Scary Truths, Clean Microphones
If some questions are better left unanswered, the music industry has at least one company that never got the memo. Mic Check, known for its maximum-strength freshness wipes for microphones, has devoted an entire marketing campaign to one disturbing prospect: “Where has that microphone been before you used it?” In a series of graphic but hilarious web videos, Mic Check dwells in disgusting detail on germs, gunk, bad breath, and horrors even more unmentionable. What kind of company would subject its customers to that sort of thing? Seemingly, a company that knows how to make it all go away.

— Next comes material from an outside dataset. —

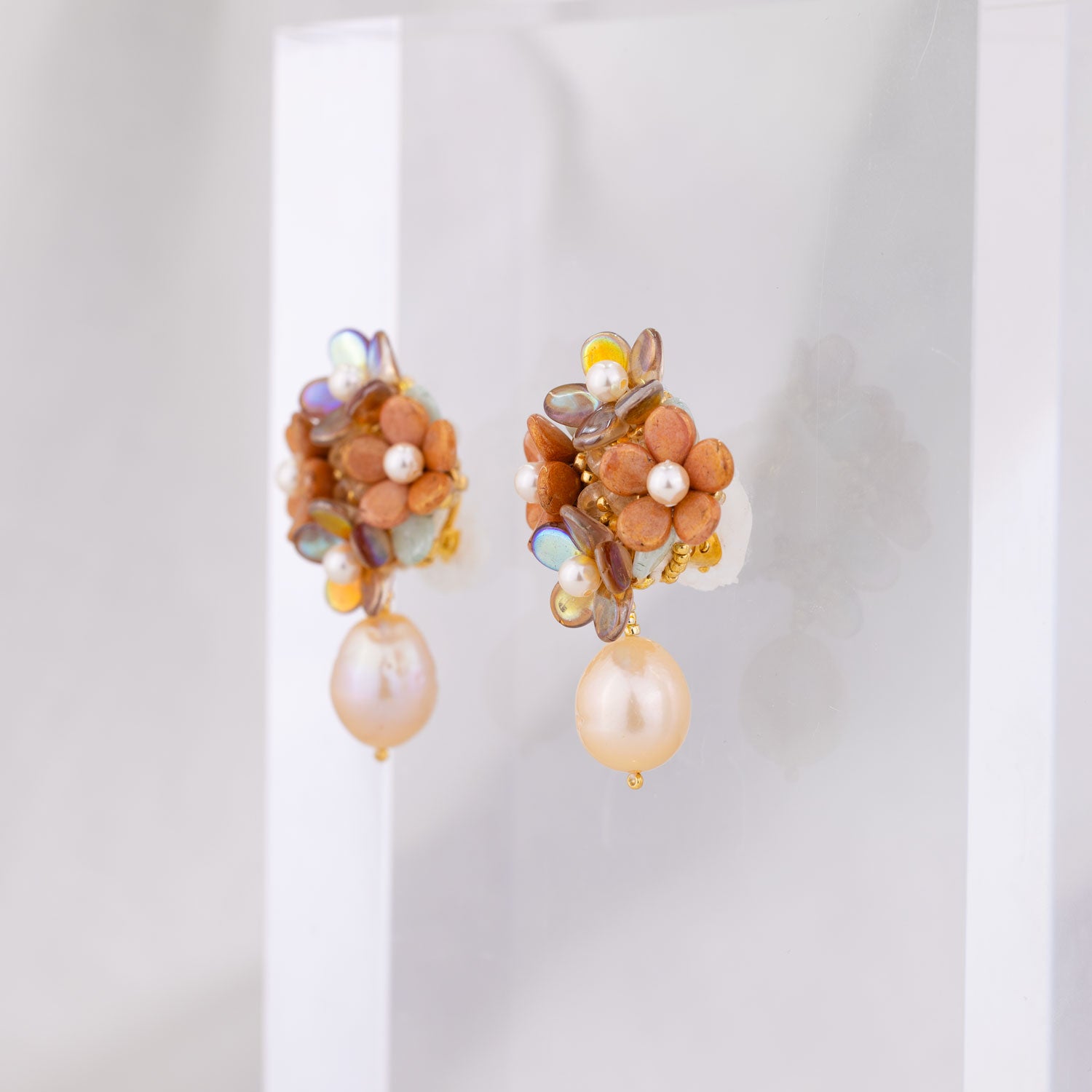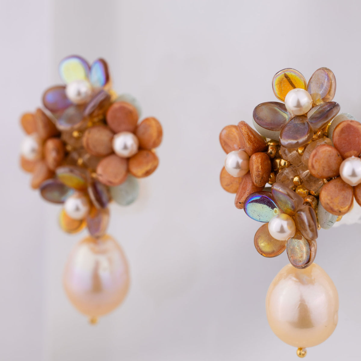 These earrings are made from glass beads with a permanent finish, Swarovski Pearls, Ultra-Suede, sterling silver studs, freshwater baroque pearls, and silicone protectors.
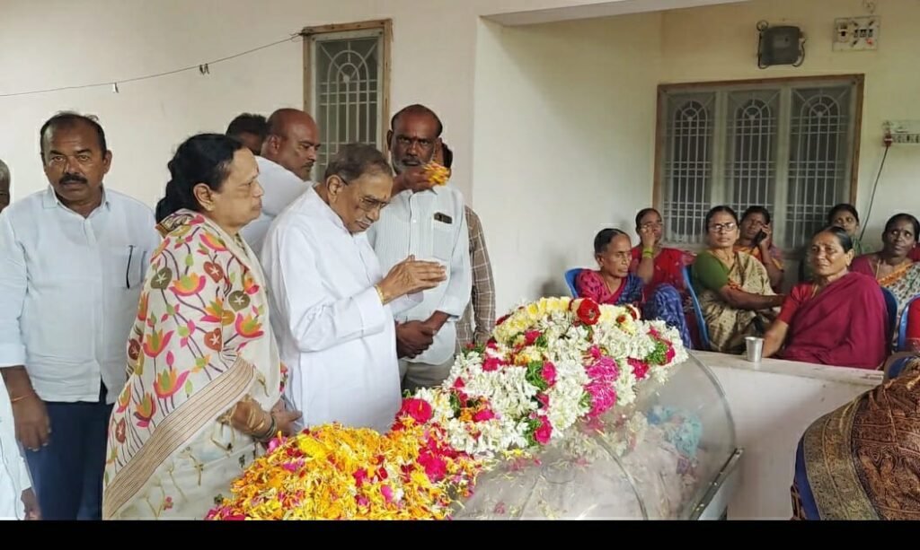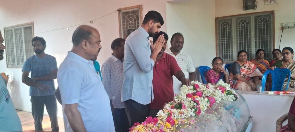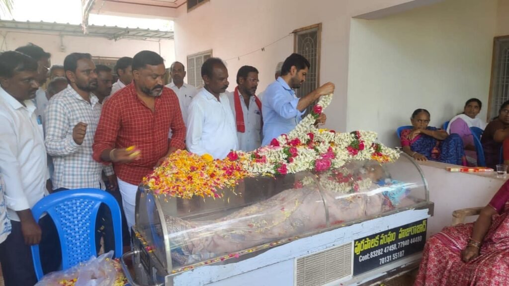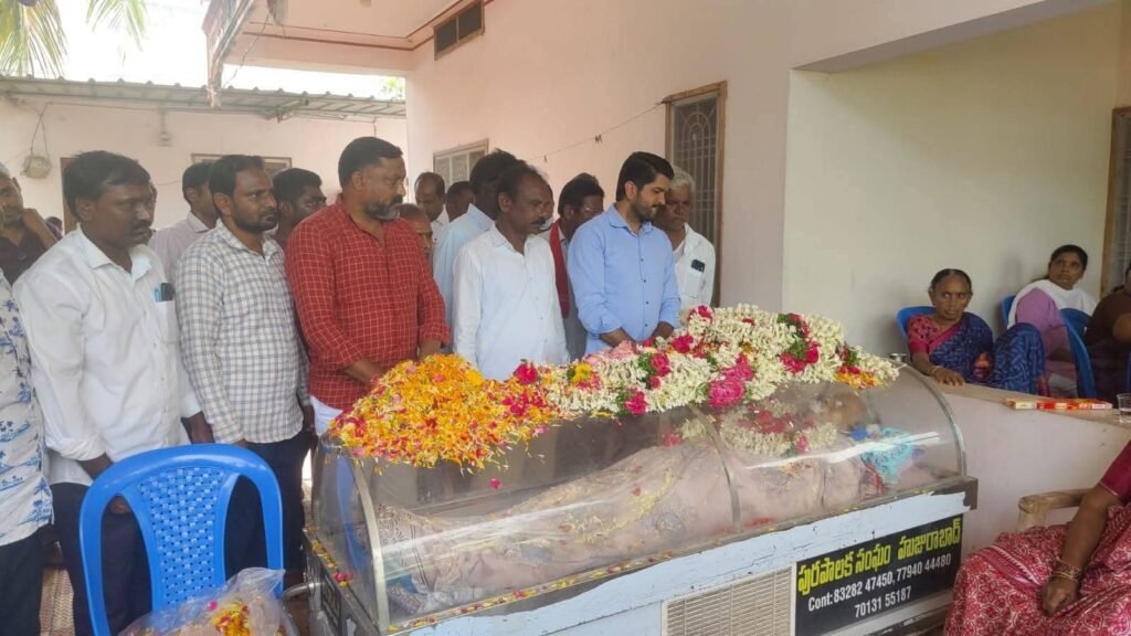 బక్కారెడ్డి మృతదేహంపై పూలమాల వేసే నివాళులర్పిస్తున్న కాంగ్రెస్ పార్టీ నియోజకవర్గ ఇన్చార్జ్ వోడితెల ప్రణవ్

First sold in 2011, Mic Check was invented by Reed Tyack, who describes himself as “a lone musician in search of freshness.” He recalls, “After repeatedly using sneeze-infested, beer-drenched, bad-breath-stinky, all-around-filthy microphones, I dreamed of a way to put all of those problems in check.” In Mic Check, Tyack developed the only single-pack microphone cleaner formulated to clean, deodorize, and disinfect without damaging the microphone. Its thick, oversized wipes are made to cut through grime, while a concentration of 70% ethyl alcohol kills 99.9% of all germs. As far as cigarette odor and bad breath are concerned, doses of ethyl alcohol and mint combine to “kick the funk,” as Mic Check puts it. Its individually sealed packets are made to be slipped into pockets or thrown into gig bags for whenever they’re needed.
After just under two years on the market, Mic Check is now being sold throughout North America and Europe, with distribution also established in the Philippines. Currently, the company is looking at new ingredients to add to the Mic Check mix, with plans to introduce a new and improved formula next year. “We have a unique product that no one else has out there, which is our biggest advantage,” says Tyack. If there’s a disadvantage, he adds, it’s that not everyone spends time thinking about microphone hygiene and how to address it. “We are using educational marketing to help them understand the need,” he says—and that’s where the videos come in.